Our big project this Mama Monday was making puppets. We have a lot of finger puppets and a cardboard puppet theater. Cavanaugh rarely wanted to play with either. Then he saw the “Puppets” episode of Blue’s Clues, which made the puppets into characters acting out a story, using funny voices. The video made me realize a couple of things: I hadn’t been trying to act out stories. I was just wearing the puppets and making them talk to each other–apparently, it wasn’t very exciting. Also, I realized part of our problem is that the majority of our puppet collection is composed of finger puppets made for grown up fingers so when Cavanaugh and I would try to play, he couldn’t do much except for balance them or tell me which ones to put on my fingers. So today we made lunch bag puppets that he can manipulate.

Here’s what you need: brown paper lunch bags and  stuff to decorate the lunch bags with. Truly everything else on the list below is optional. But if you had an arts and crafts bin before your kid was even born and you get as excited going into Hobby Lobby as I do, you can use any of the following (and more) for your puppets.

  • Glue
  • Popsicle craft sticks to spread the glue
  • Scissors
  • Googly eyes
  • Buttons
  • Metal confetti shapes
  • Tempera paint and brushes
  • Pom poms (the colored little cotton ball kind, not cheerleader pom poms)
  • Glitter
  • Yarn
  • Construction paper
  • Tissue paper
  • Felt

We needed three rounds to complete the project, which was great for a toddler’s attention span. First we painted the lunch bags. As they dried, we had snack and did puzzles. Then we decorated the bags with googly or confetti eyes, pom pom noses, yarn hair, etc. We let the glue dry while we read stories and sorted laundry and got slightly delirious singing “The Ants Go Marching.” The third round is for playing with the puppets.

Let me introduce you to Stripy, Dot, Snowman, Glitter, and Shape Searcher. You can’t tell from the pictures, but if you lift the little flap, there’s a filled circle mouth. You could also glue a tongue in there. Happy puppet-making!

6 comments to Lunch Bag Puppets

  • Oh my god, Annika will love this. I am so bad at arts and crafts I am always thinking I should do this kind of stuff but I never would have thought of it. I made her some homemade playdough the other day and she just wanted to play with the food coloring bottle. Absolutely no interest in the dough.

  • How funny- we JUST did this today at our weekly art class!
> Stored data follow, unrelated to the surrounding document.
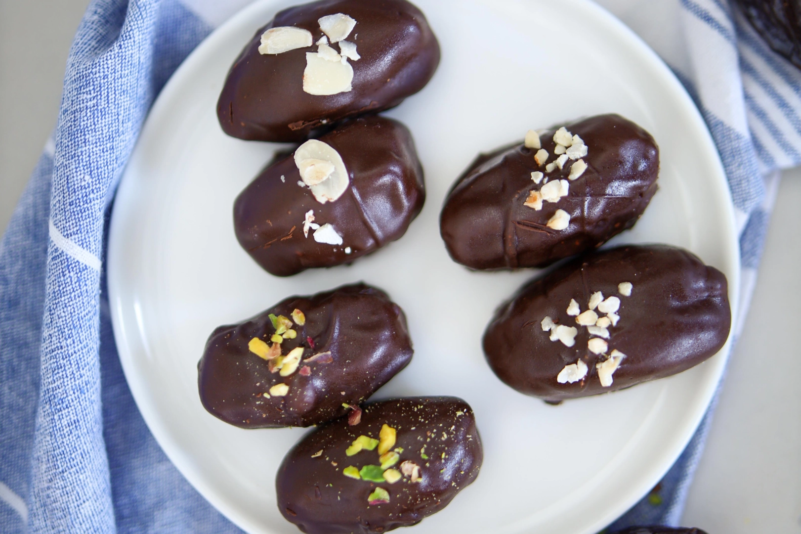 Hazırladığınız hurmaları kısa süre buzdolabında bekleterek çikolatanın donmasını sağlayın.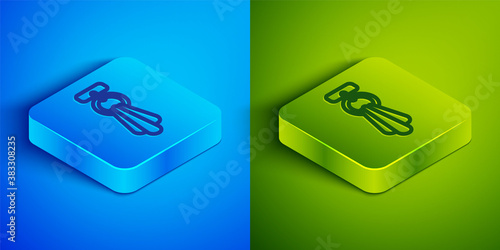 Isometric line Towel on a hanger icon isolated on blue and green background. Bathroom towel icon. Square button. Vector.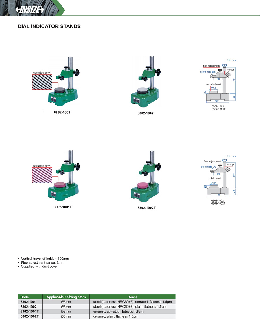Vertical travel of holder: 100mm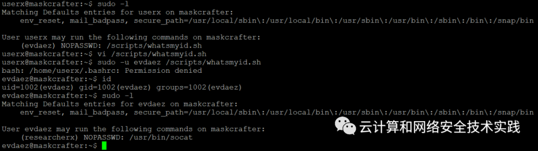 sudo -u evdaez /scripts/whatsmyid.sh,进入evdaez账户shell,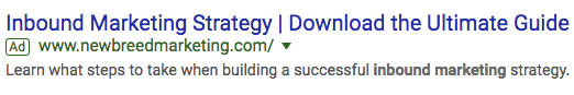 New Breed Marketing’s Google AdWords result, above, is as simple as search engine marketing gets. The meta-description is just one sentence long but indicates to searchers that inbound marketing is a “process” to be invested in.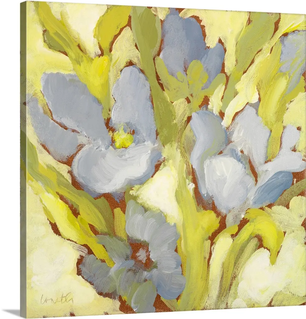 Summer Morning Blooms IV by Shelby Dillon is a high quality piece of canvas artwork. The finished size of this piece is 24" X 24", and it has a depth 1.5" with black painted sides. There is a UV protective coating over the entire image, and it is ready to hang on your wall with no hardware required.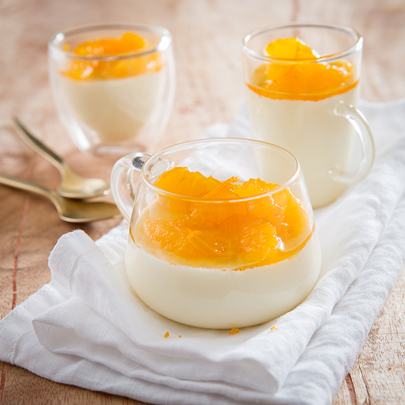 Au moment de servir, disposer quelques segments d’orange dans les verrines de panna cotta.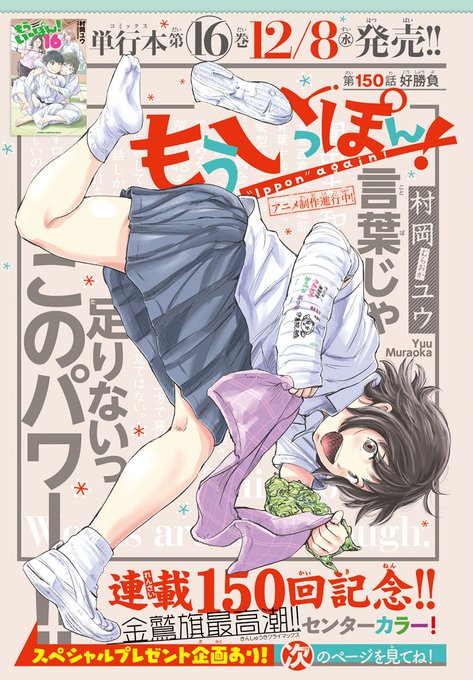 木曜日。週刊少年チャンピオンに『もういっぽん!』150話、センターカラーで掲載です。プレゼント企画(紙雑誌のみですが)もあります。ぜひ!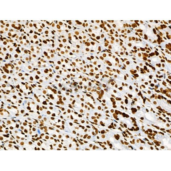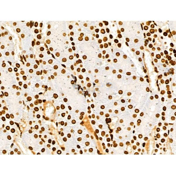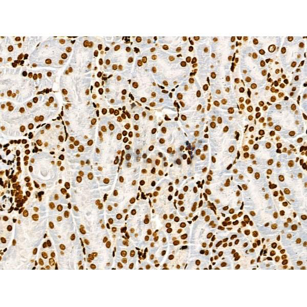 ab10676 at 1/100 staining Rat stomach tissue by IHC-P. The sample was formaldehyde fixed and a heat mediated antigen retrieval step in citrate buffer was performed. The sample was then blocked and incubated with the primary antibody at 4°C overnight. An HRP conjugated anti-Rabbit antibody was used as the secondary antibody....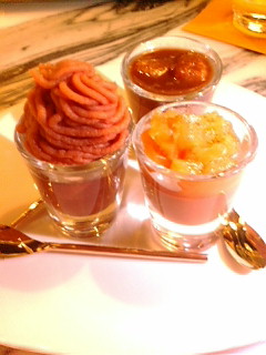 連休は遊び倒れ食い倒れでございました。・初のカイロプラクティック。池袋 ミストモック (西口を出てスグです)お友達が通っているアロマの学校で解剖学の講義をされていた先生が、池袋にて開業されたとのこと。アロマやリフレクソロジーがメインのサロンですが、その先生はカイロを担当されているとか。神がかったテクをお持ちだと聞いて、静岡から来た友人(二度に渡る交通事故で全身が不調)と、15年前に痛めた右肩がカクカク言ってたまに不調なワタクシ早速行って参りました。ふたりで撃沈。効果絶大。終わったときは半分開いた口からタマシイが出そうでした。骨格や筋肉の解剖図を見せながら解説してくださるので、よくわかったような…わかんないような。ふんふん確かにここに筋肉がありますね、とその時は分かったつもりになって張りすぎている筋肉を緩めて頂いても、家に帰って同じところを触ろうとしてもどーしてもわかんない。所詮はシロウト、手の感覚がにぶちんです。今までは整体などに行っても右肩のことは言わずにいたのです。色々と手を尽くして頂いても、夜には痛くなってしまうので。(涙)しかし今回はちょっと違う気がします。さすがゴッドハンド!のっぴきならない状態の方には本気でオススメです!もしご興味を持たれた方には、ここから大事なお知らせです。カイロのコースだけは他のマッサージのコースのような時間制ではなく、自己申告した所を一カ所診るシステムでした。つまり。『右肩』と言えば5分ですが『全身』と言えば1時間です。このルールを知っていればー!(悶絶)・くいだおれピエールエルメでお茶。表参道駅からほんの少し歩いたところ。青山学園の辺りです。ショコラ三点セット。マロン、ローステッドパイナップル、オレンジ+バルサミコ。それぞれ単品でも個性的で楽しいのに、食べ合わせによって無限に楽しい…!悦楽の領域!(笑)こちらはお友達がオーダーしたヴァニーユ五点セット。エルメ氏のヴァニラ観が凝縮されているらしい。…ヴァニラ観っていったい!とトンデモな語彙に白目をむきましたが、食べてみたら美味さで白目。ちょっと笑っちゃったアタイをぶって頂戴!(笑)マスカルポーネと合わせたムースが天国でした~。うっとり。そのまま渋谷まで歩いて、東急地下の『オリジンーヌ・カカオ』でショコラや焼き菓子、マカロンをお買い物。繊細なショコラなのです。華やかなんだけど楚々とした風味です。帰りに、塩ー!塩気が欲しいー!と地元のチェーン系干物屋へ。〆鯖とほっけに舌鼓。そして野菜をばりばりと。久しぶりのお魚でした。帰宅してから、弟を誘ってテイクアウトしたエルメのケーキやサブレなどなどを食べつつ明け方まで語り。何故かユーロがどうたらとかそんな話題で盛り上がりました。しかし経済学部を出たはずの私が一番わかってないという…。はははっ…。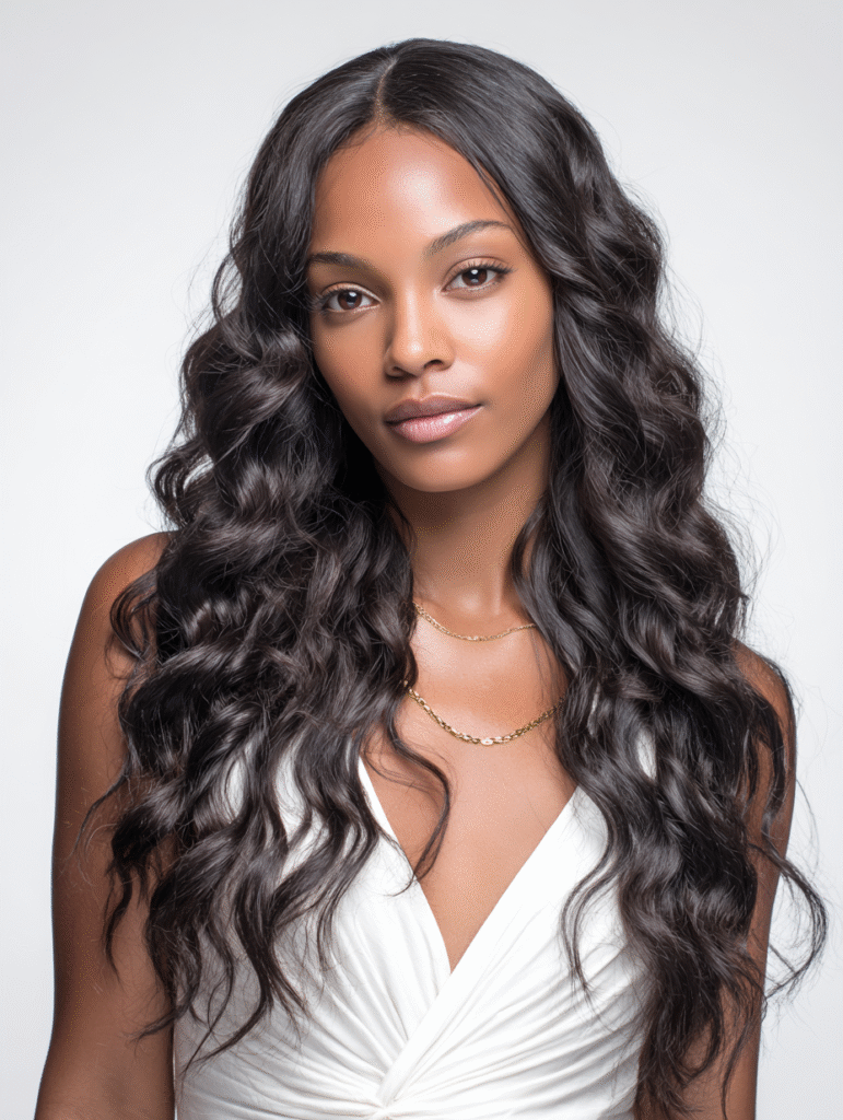 A loose wave quick weave with a middle part delivers a soft, balanced shape that flows smoothly on both sides. The stylist installs layered tracks, allowing the waves to fall naturally without feeling bulky. The middle part keeps the look clean while helping frame your features evenly.

Another thing that my little guy likes that you might try (SO easy) is to make an animal face out of construction paper (cat, bunny, lion, etc.), cut it out, cut out holes for eyes, then glue it onto a craft stick – like a popsicle stick. They can hold it up in front of their face and pretend to be the animal.

  • Dawn J.

    Great puppets. Another resource I recommend to all the toddler mamas out there: “Unplugged Play,” by Bobbi Conner. Conner “offers more than 700 ideas for play without plugs, batteries or beeps in this imaginative collection.” It’s a great book, Jack and I use tons of the ideas in it. You can find it on Amazon.

    • Sonya Feher

      How exciting! We borrowed The Toddler’s Busy Book and Baby Games from a friend. They both have some cool activities but the format of both of them drives me crazy and there are way too many activities that call for food coloring, cake mix, jello dust, etc. I was just thinking I wanted to find a new book. Now, I don’t have to look very far. Thank you!

  • […] Lunch bag puppets. Paint or draw on outside of lunch bags and make into puppets. […]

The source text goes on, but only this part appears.